Abstract
Shape selectivity of V4 neurons for stimuli whose discrimination depends on V4 William H. Merigan, Department of Ophthalmology and Center for Visual Science, University of Rochester, Rochester, NY.
Purpose: To determine if V4 neurons show the requisite shape selectivity to mediate a discrimination that has been shown to depend on V4. Shape stimuli differed in geometric shape, but were matched in average luminance, contrast, orientation content, etc. ,Methods: The geometric shape stimuli consisted of a 4 x 4 arrays of oblique line segments, and thus, were closely matched in global properties. We tested discrimination of these stimuli by requiring monkeys to decide if successively presented stimuli were the same or different. The patterns were presented, under controlled fixation, at different locations in the visual field, such that the either first (sample) or second (test) stimuli of the comparison pair matched the location and size of the receptive field. An earlier study has shown that V4 lesions eliminated the ability of monkeys to discriminate these stimuli in this same testing paradigm. Results: Many V4 neurons showed moderate shape selectivity for the tested shape stimuli.

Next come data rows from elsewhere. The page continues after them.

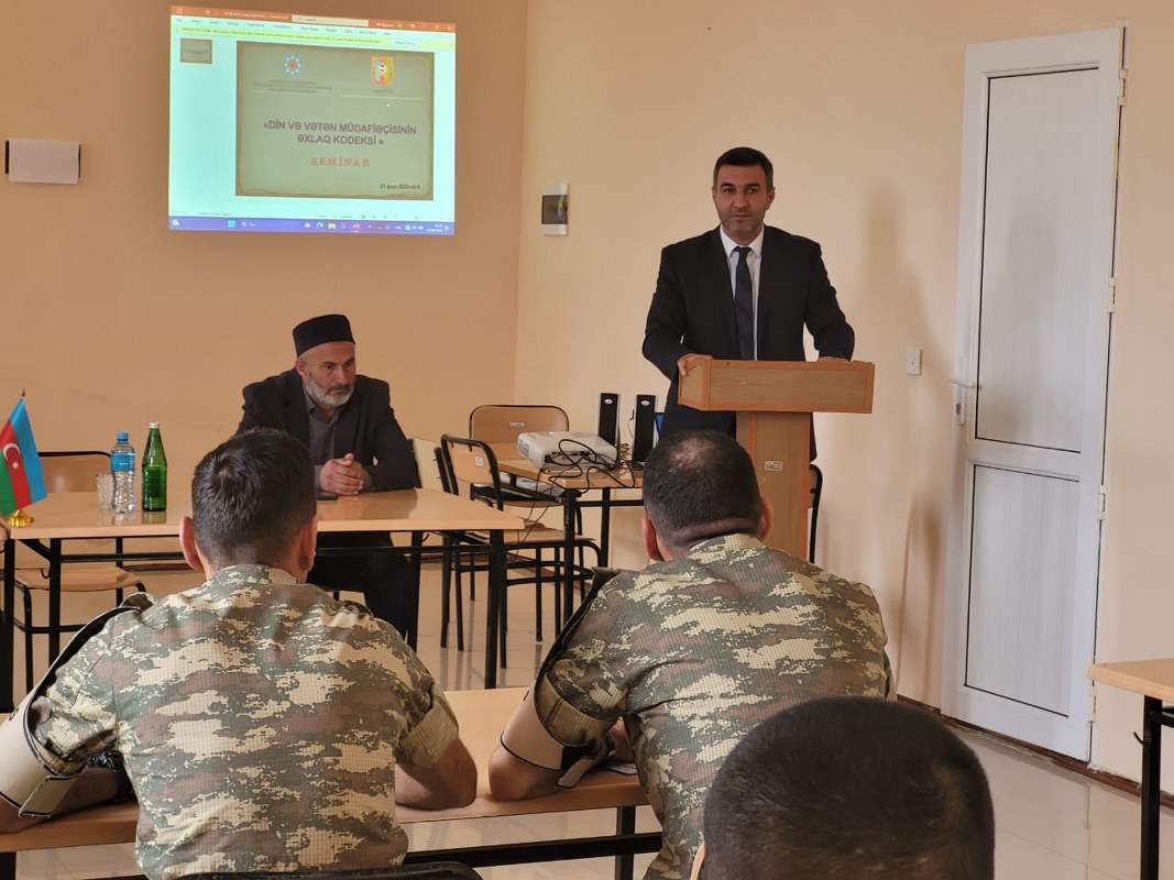 Müdafiə Nazirliyinin “N” saylı hərbi hissəsində “Vətən və din müdafiəçisinin əxlaq kodeksi” mövzusu müzakirə edilib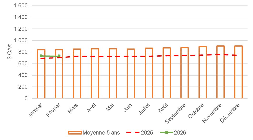 Les prix sont exprimés en dollars canadiens par tonne métrique ($ CA/t).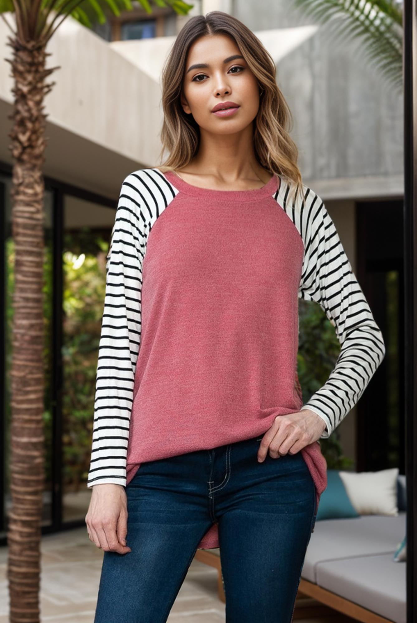 Raglan Solid top with stripe long sleeve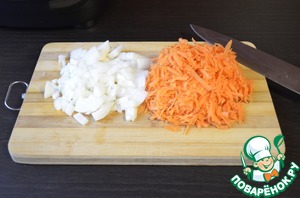 Морковь натереть на крупной терке, лук порезать маленькими кубиками.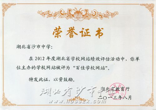 2013年08月學校網站被省教育廳評為"百佳學校網站"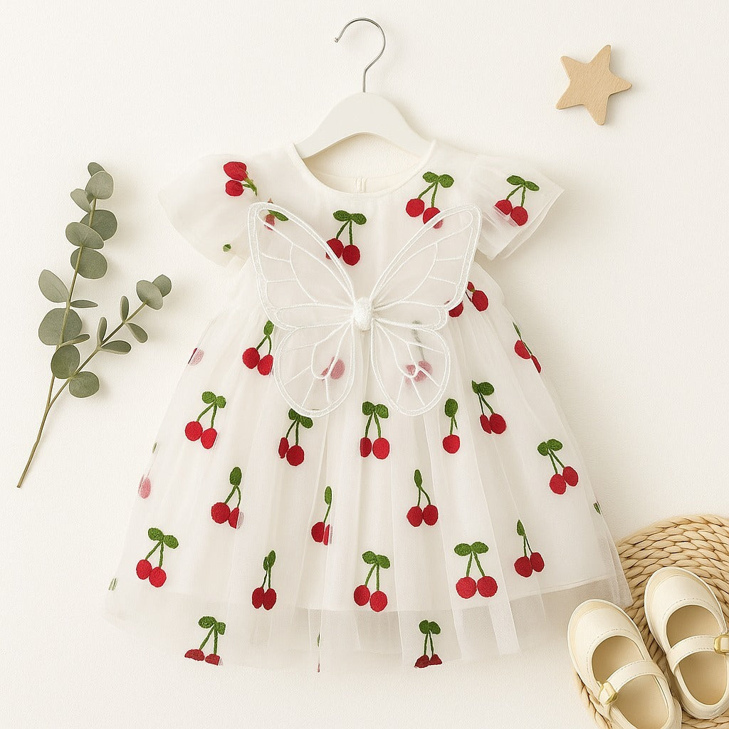 Charming Cherry Embroidered Baby Dress with Butterfly Accent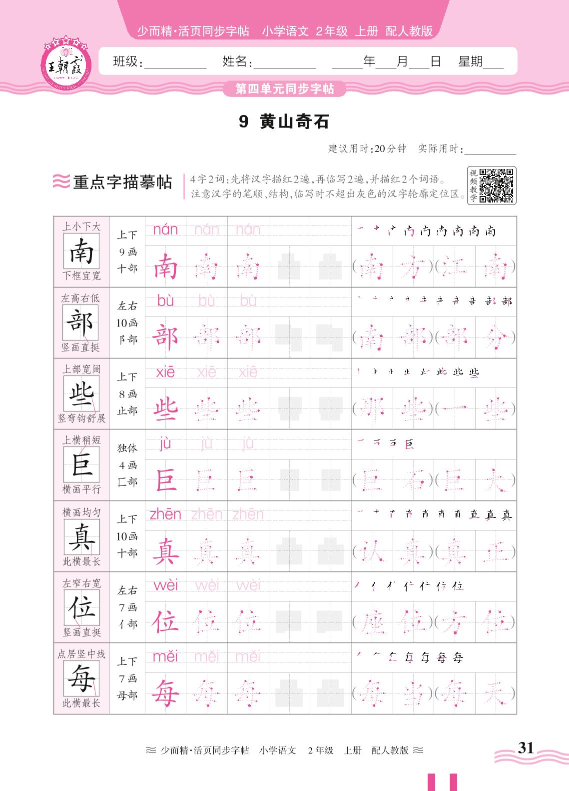 2024秋上册二年级语文人教版 第四单元同步字帖——9. 黄山奇石
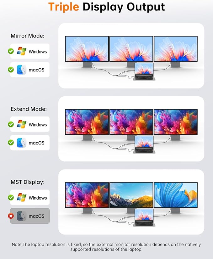 - 𝐓𝐫𝐢𝐩𝐥𝐞 𝐃𝐢𝐬𝐩𝐥𝐚𝐲 𝐃𝐨𝐜𝐤𝐢𝐧𝐠 𝐒𝐭𝐚𝐭𝐢𝐨𝐧 - ONLY Windows supports Extend Mode with up to three displays, while macOS only Mirror Mode. This docking station features dual HDMI and one VGA port. With two monitors, it outputs 4K@30Hz + 1080P; with three monitors, all displays will output at 1080P@60Hz. HDMI 1 supports up to 4K@60Hz when used alone. All of the above modes require a DP1.4 laptop and monitor.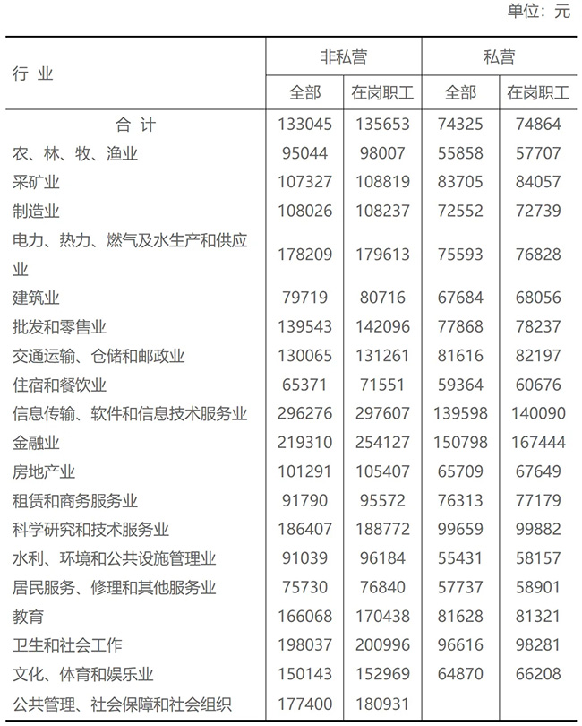 近日,2023年浙江省單位就業人員年平均工資出爐來看看哪些行業最賺錢? 1、2023年浙江省單位就業人員年平均工資 2023年浙江省: 非私營單位就業人員年平均工資為133045元,比2022年度增加4220元,增長3.3%,扣除價格因素,實際增長3.0% 私營單位就業人員年平均工資為74325元,比上年增加2391元,增長3.3%,扣除價格因素,實際增長3.0% 2、2023年度單位就業人員分行業年平均工資表 (一)指標解釋 (1)單位就業人員:指在本單位工作,并由單位支付勞動報酬的人員 (2)工資總額:根據《關于工資總額組成的規定》,工資總額是指本單位在報告期內(季度或年度)直接支付給本單位人員的勞動報酬總額。包括計時工資、計件工資、獎金、津貼和補貼、加班加點工資、特殊情況下支付的工資 工資總額是稅前工資,包括單位從個人工資中直接為其代扣或代繳的個人所得稅、社會保險基金和住房公積金等個人繳納部分,以及房費、水電費。 工資總額不論是計入成本的還是不計入成本的,不論是以貨幣形式支付的還是以實物形式支付的,均應列入工資總額的計算范圍 (3)平均工資:是指在報告期內單位發放工資的人均水平計算公式為: (二)統計范圍 轄區內全部非私營和私營法人單位,以及統計上認定的視同法人單位的產業活動單位。 私營法人單位(包括統計上認定的視同法人單位的產業活動單位)具體包括:內資企業中的私營有限責任公司、私營股份有限公司、個人獨資企業和合伙企業。 非私營法人單位(包括統計上認定的視同法人單位的產業活動單位)具體包括:除私營單位以外的內資(包括機關、事業)單位、港澳臺投資和外商投資企業。 工資統計是統計單位的就業人員,而個體就業人員、自由職業者等非單位就業人員不在工資統計范圍內。 (三)調查方法 根據國家統計局制定的《企業一套表統計調查制度》和《勞動工資統計調查制度》,對轄區內規模以上工業、有資質的建筑業、限額以上批發和零售業、限額以上住宿和餐飲業、有開發經營活動的全部房地產開發經營業、規模以上服務業企業工資統計采用全面調查;除上述企業外其他非私營單位和私營法人單位工資統計采用抽樣調查的方法。 3、“平均工資”的提升對我們有哪些主要影響 01 浙江社保繳費基數新上下限與省平工資有關。 我們知道,社保基數上下限是按上年度月社平工資的60%-300%進行核定。這里的變數在于取哪個社平工資,是在崗職工社平工資,還是全社會單位就業人員平均工資,或者是根據非私營和私營單位就業人員加權平均工資的標準。 去年,浙江社保基數上限的核定是依據2022年度浙江省社會年平均工資(按浙江省非私營和私營單位就業人員加權平均工資)的300%確定。下限則根據2021年的浙江省社會年平均工資的60%進行計算。 目前,浙江省統計局公布的數據是2023年浙江省非私營和私營單位就業人員的年平均工資,而非全社會單位就業人員平均工資或加權平均工資,因此暫無法推出新的社保基數。但不管怎樣,平均工資變化,也將影響今年新的社保基數上下限。 02 杭州社保新基數一般什么時候啟用 按往年規則,杭州的社保基數新上下限預計將在7月—12月之間的結算月正式啟用,啟動后,相關部門將對已按預繳基數征收的社會保險費差額多退少補。 03 全國的私營與非私營單位的平均工資是多少? 2024年5月,國家統計局公布了2023年城鎮單位就業人員年平均工資情況。 2023年,全國城鎮私營單位就業人員年平均工資為68340元,比上年增加3103元,名義增長4.8%,扣除價格因素實際增長4.5%。 2023年,全國城鎮非私營單位就業人員年平均工資為120698元,比上年增加6669元,名義增長5.8%,扣除價格因素實際增長5.5%。 |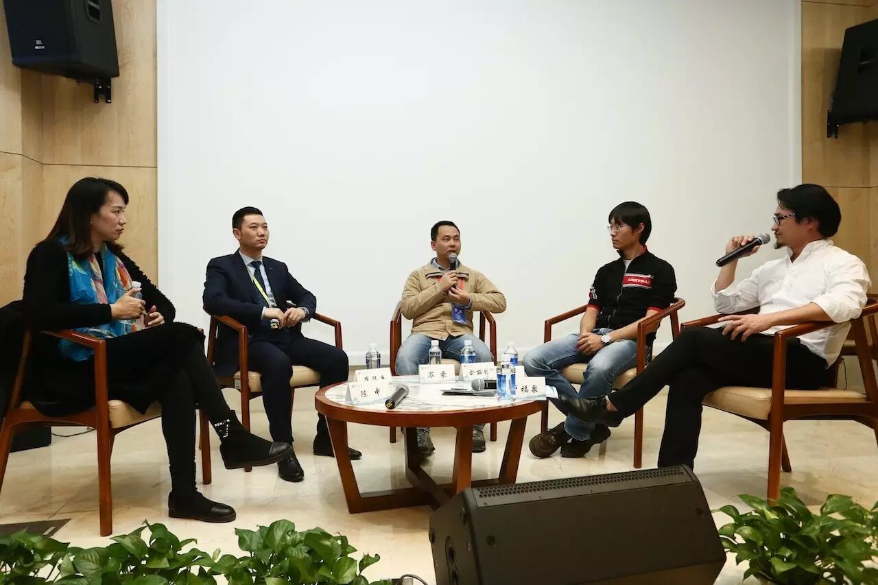 圆桌论坛嘉宾(从左至右):腾提度体育副总裁盛云飞、北奥集团党委书记、董事总经理夏海峰、北京汽车集团有限公司品牌管理部副部长赵焱、中石化易捷销售有限公司副总经理李宏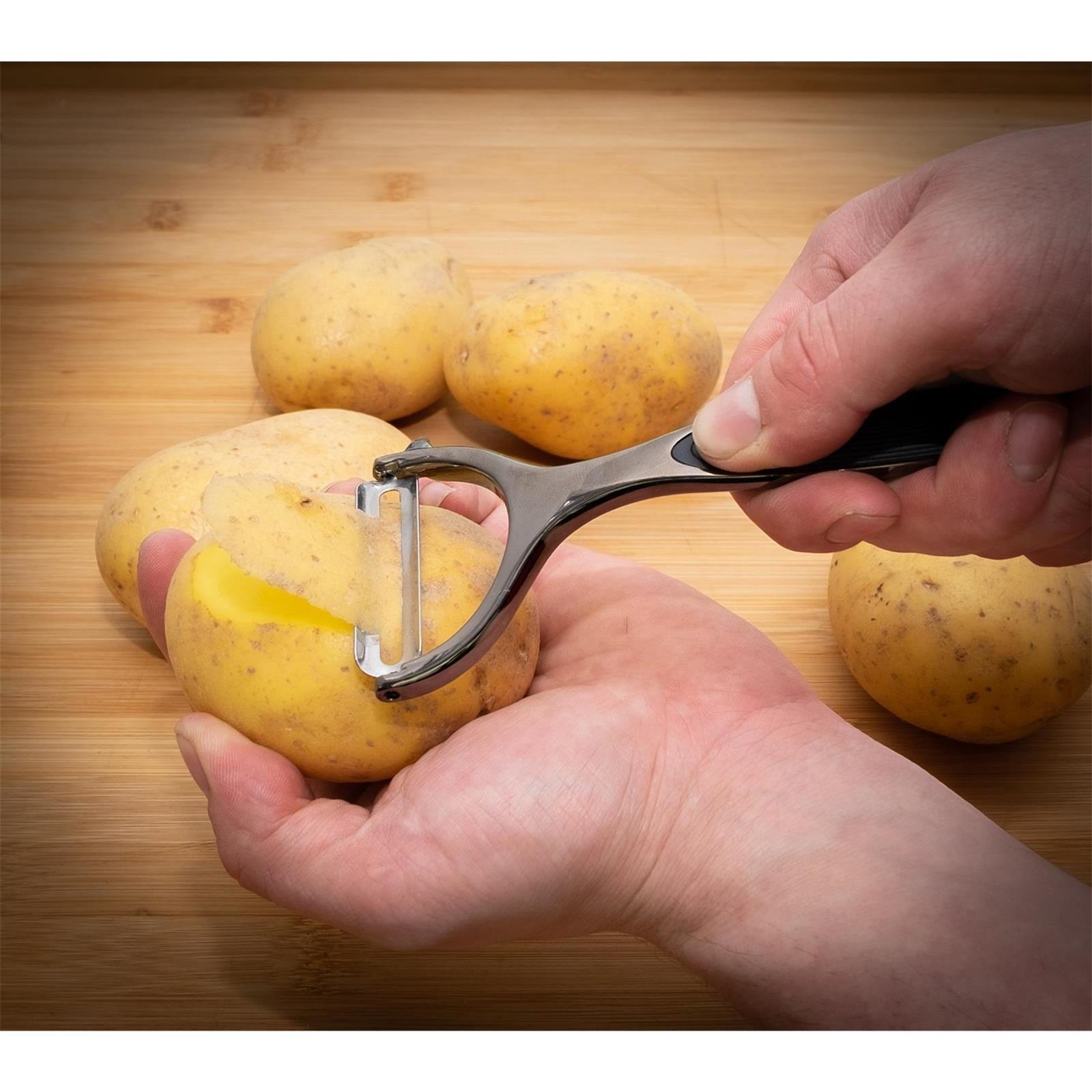 Ein praktischer Helfer bietet die perfekte Ergänzung Ihrer Kochuntensilien. Mit einem Schäler gelingt selbst die mühsame Küchenarbeit leicht und schnell. Der Sparschäler trennt von Äpfeln, Gurken, Kartoffeln oder auch Spargeln extradünne Schichten ab und spart Ihnen die Zeit. Die Klingen des Küchenhelfers sind aus rostfreiem und langlebigem Zinklegierung gefertigt.

The information in their response selectivity was sufficient to mediate correct discrimination based on the responses of only a few neurons. Conclusions: These results suggest that the discrimination of these shapes is dependent on neurons in area V4, and that these neurons have sufficiently selective responses to these stimuli to mediate the observed behavioral performance. Supported by EY 08898, and P30 EY01319 from NIH.